As her family grew and went our own ways my Nana took up Bingo. I believe these digressions, which took place two nights weekly at both a local Catholic Church hall and Jewish synagogue, kept her going. Oh, how she loved Bingo! I well remember during the weeks, months and years she persistently said "I only had one number to go before winning a thousand or so!"
Despite my belief that my maternal grandparents came from totally different back-grounds, I am finding out in writing this book that they were a lot alike. My Grandfather Thomas Campbell and Grandmother Catherine Frigout had grown up in the same neighborhood near Kent, England. As for my Grandpa Campbell, his mother died in childbirth leaving him to be raised by his Aunt Jessie who was a very strict woman, so I am told. My grandfather's father married three times, with his first wife dying, the second he divorced, and the third residing with him in Malden, Massachusetts until her death.
My Nana Campbell grew up in a very affluent neighborhood over in England. She told me that she often played with the children at Buckingham Palace. Her mother was a very controlling woman who never approved of the young men she dated. She also had drinking problems, which drove my Grandmother further away.

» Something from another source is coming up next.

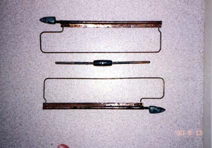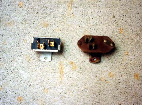 | 購入時より、燃料計と水温計の数値がおかしく、満タンにしても6分目位しか振れず、水温計に至ってはオーバーヒートしているのに、70度位を指していました。毎晩、車の整備書を見るのを日課としているが、ある日、ボルテージスタビライザーの文字を発見、しかも水温計のセンサーと燃料計のセンサーに繋がっているではないですか。値段を聞くと2、800円で在庫はあるとのこと。購入し交換。予想通り、針は正常な目盛りを指すようになる。 左が新品の物、右が以前から付いていた物。前から付いていた物は錆びだらけ。配線の接続するところが違う形状だったので、加工して付けた。脱着、交換に要した時間は10分であった。 |

World War One was being fought around the time that my grandfather met my grandmother. He did not believe in the war, but he served as a cook in the British military. From the stories my grandmother told me, they were deeply in love but because of her mother's iron fist they made secret plans to meet up with each other in America. They both made a vow to meet in five years to get married in America.
In five years my Grandmother left in the middle of the night to make her great escape from her mother's overwhelming protectiveness to get the ship to America to meet my Grampa Campball and never look back again. As I was told, my Great Grandfather Campbell was already in America employed as a wallpaper designer, which was a very good job in those days. He owned a couple of houses down on Cape Cod and gave an automobile to his son and daughter-in-law who were the first people in the neighborhood with a car.